Этот шелест переписыванья еще долго потом отдавался в его ушах, когда он, схватив шинель или плащ из рук швейцара, почти выбегал на улицу, счастливый, что наконец на сегодня вырвался из своей тюрьмы. Впрочем, и в эти унылые часы работала не только его рука, но и слышало все, что происходило вокруг, его чуткое ухо, а глаз схватывал черточки и черты, ужимки, жесты и тайные отклонения от расчерченной уставной жизни, которыми жил этот муравейник, состоящий все же из живых людей.
Там сплетничали о последней награде начальника, иронически тыча в «Сенатские ведомости», в другом конце поднимался шепот об актрисе, которая танцевала нынче в итальянской Опере (кто-то проник на галерку), кто-то жаловался на квартирную хозяйку и вонь во дворе, оскорбляющую его благородное обоняние, там складывались на пирушку, звали соседа на вист.

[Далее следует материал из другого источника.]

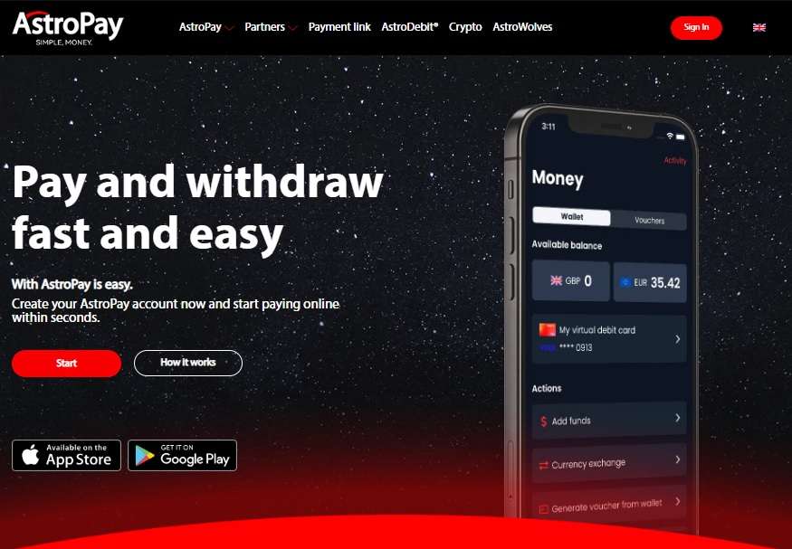With the help of AstroPay, consumers can swiftly and safely transact in local currencies or US dollars and will be able to make deposits and withdrawals from their preferred online sites using their local payment methods. From a single AstroPay account, you can manage several different credit cards, including AstroPay Card, Google Pay, Visa, and MasterCard.

По выцветше-зеленому полю вицмундирного сукна изредка пробегал какой-то живой ветер, лица менялись, на них появлялось свое выражение — но это бывало редко: обычно в дни выдачи жалований, награждений или предстоящих праздников, на которые их отпускали домой. Больше всего здесь не любили, когда кому-то выпадало повышение по службе. Отношения сразу менялись, бывшие товарищи переставали прямо смотреть друг другу в глаза, низший смотрел на высшего уже не так, как вчера, появлялось что-то неуловимо-заискивающее, второсортное, просительное во взгляде, а высший, бывший еще вчера на одной ноге с низшим, сам не замечал, как вытягивается его фигура, как растет он даже физически, как меняется его голос и выражение глаз.

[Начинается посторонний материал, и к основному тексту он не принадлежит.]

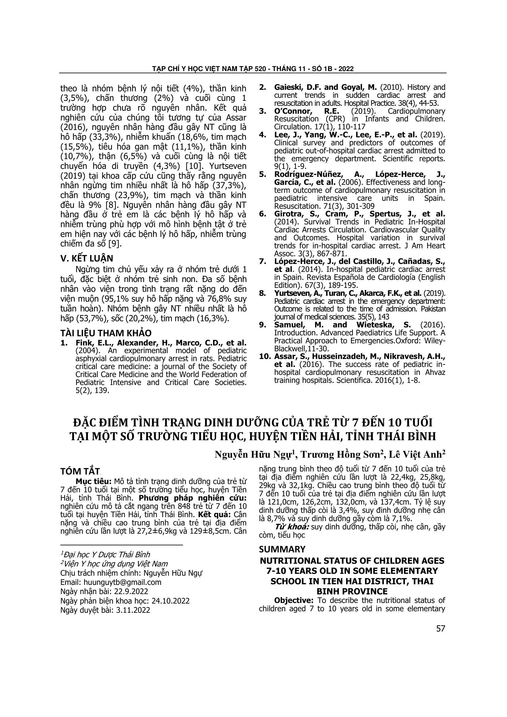 Mô tả tình trạng dinh dưỡng của trẻ từ 7 đến 10 tuổi tại một số trường tiểu học, huyện Tiền Hải, tỉnh Thái Bình. Phương pháp nghiên cứu: nghiên cứu mô tả cắt ngang trên 848 trẻ từ 7 đến 10 tuổi tại huyện Tiền Hải, tỉnh Thái Bình. Kết quả: Cân nặng và chiều cao trung bình của trẻ tại địa điểm nghiên cứu lần lượt là 27,2±6,9kg và 129±8,5cm. Cân nặng trung bình theo độ tuổi từ 7 đến 10 tuổi của trẻ tại địa điểm nghiên cứu lần lượt là 22,4kg, 25,8kg, 29kg và 32,1kg. Chiều cao trung bình theo độ tuổi từ 7 đến 10 tuổi của trẻ tại địa điểm nghiên cứu lần lượt là 121,0cm, 126,2cm, 132,0cm, và 137,4cm. Tỷ lệ suy dinh dưỡng thấp còi là 3,4%, suy đinh dưỡng nhẹ cân là 8,7% và suy dinh dưỡng gầy còm là 7,1%.

Он уже переходил за другой стол — который был шире, где больше располагалось бумаг, а подход был затруднен существованием между ним и остальным — вчера еще его! — миром другого чиновника, который должен был передать эту бумагу ему, доставить ее, а не просто бросить или перебросить со стола на стол, как это делают равные между собой.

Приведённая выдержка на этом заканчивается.